METHODS: Twelve men with PTSD related to combat in Operations Enduring Freedom and/or Iraqi Freedom, 12 male combat-exposed control patients with a history of Operations Enduring Freedom and/or Iraqi Freedom combat exposure but no history of PTSD, and 12 healthy control male patients with no history of combat exposure or PTSD completed a face-matching task during functional magnetic resonance imaging.

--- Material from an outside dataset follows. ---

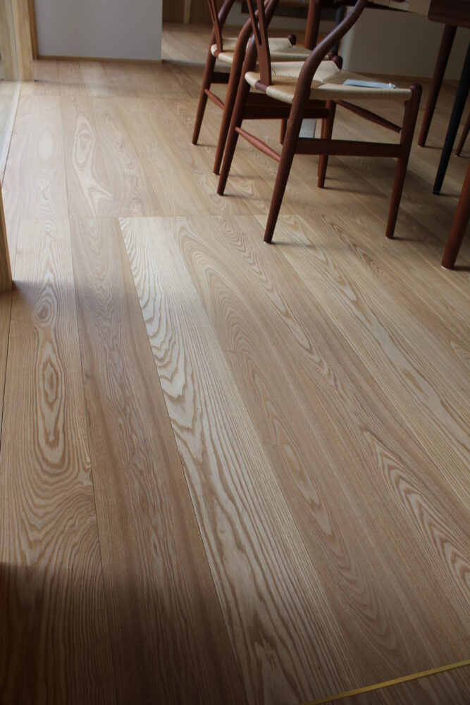 中でも、アッシュ(タモ)材の150mm幅一枚もの複合フローリングは、その美しい杢目と高級感から多くの方に選ばれています。

RESULTS: The PTSD group showed greater amygdala activation to fearful versus happy faces than both the combat-exposed control and healthy control groups. Both the PTSD and the combat-exposed control groups showed greater amygdala activation to all faces versus shapes relative to the healthy control group. However, the combat-exposed control group relative to the PTSD group showed greater prefrontal/parietal connectivity with the amygdala, while the PTSD group showed greater connectivity with the subgenual cingulate. The strength of connectivity in the PTSD group was inversely related to avoidance scores.

CONCLUSIONS: These observations are consistent with the hypothesis that PTSD is associated with a deficiency in top-down modulation of amygdala activation by the prefrontal cortex and shows specific sensitivity to fearful faces.